Effect of ankB, katB, and katB ankB on sensitivity to H₂O₂. All bacteria were grown aerobically overnight in M9F medium at 37°C. Fresh prewarmed medium (1 volume of culture in 10-volume flasks) was inoculated with 1/50 of the final culture volume and allowed to reach an OD₆₀₀ of 0.6. Some bacteria were pretreated with a sublethal (1 mM) dose of H₂O₂ for 1 h (shaded bars) relative to control bacteria (open bars). The suspensions were diluted 100-fold in 7 ml of M9F 0.6% top agarose kept at 37°C and poured onto M9F plates. Filter paper disks (7 mm) impregnated with 8.8 M H₂O₂ were placed on the top agar surface. Zones of growth inhibition were measured after a 24-h aerobic incubation at 37°C. Bars: 1, PAO1; 2, ankB; 3, katB; 4, katB ankB; 5, ankB plus pUCP22; 6, ankB plus pankB; 7, katB ankB plus pUCP22; 8, katB ankB plus pankB. Error bars indicate standard errors of the means.

FIG. 8

Absence of AnkB causes a decrease in KatB activity.

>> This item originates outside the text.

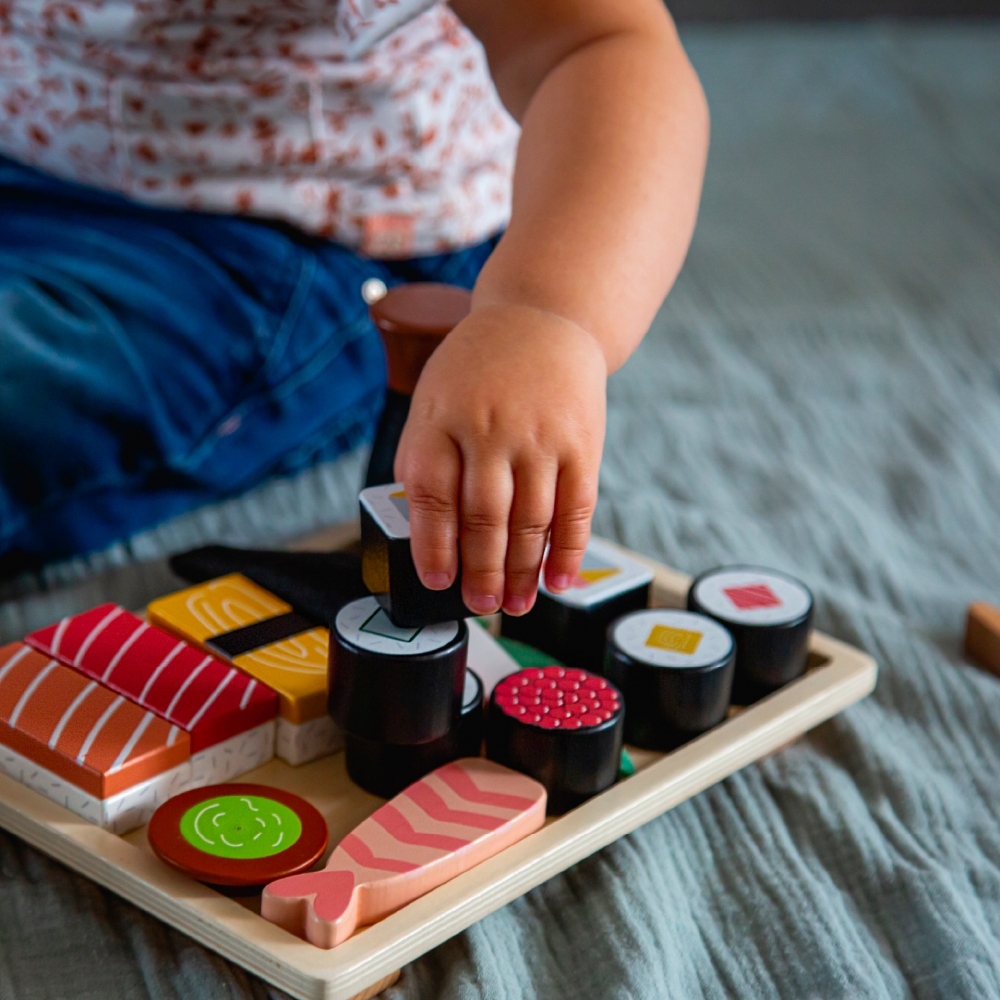 ●日式壽司配件共23塊,仿真的木質玩具,激發孩子的想像力體驗角色扮演

Bacteria were grown aerobically overnight in L-broth medium at 37°C. Fresh prewarmed medium (1 volume of culture in 10-volume flasks) was inoculated with 1/100 the final culture volume, and the organisms were grown to an OD₆₀₀ of 0.6. Some bacteria (right panel) were then treated with a sublethal (0.35 mM) (11) dose of paraquat for 1 h, and the others (left panel) served as controls. Cell extracts were prepared, and 10 μg was subjected to nondenaturing polyacrylamide gel electrophoresis (5% polyacrylamide). The gels were then stained for catalase activity (58). Lanes: 1, PAO1; 2, ankB; 3, katA; 4, katB; 5, katA ankB.

FIG. 9

Quantitative effect of AnkB on KatB activity. Bacteria were grown aerobically overnight in L-broth medium containing 0.35 mM paraquat at 37°C. Catalase activity and activity gel staining were monitored in cell extracts. Bars: 1, katA plus pUCP22; 2, katA plus pankB; 3, katA ankB plus pUCP22; 4, katA ankB plus pankB. Error bars indicate standard errors of the means. The inset photograph is KatB activity staining of cell extracts in a representative native polyacrylamide gel of each strain. It should be noted that no AhpA activity band (see Fig. 8) could be detected under these conditions.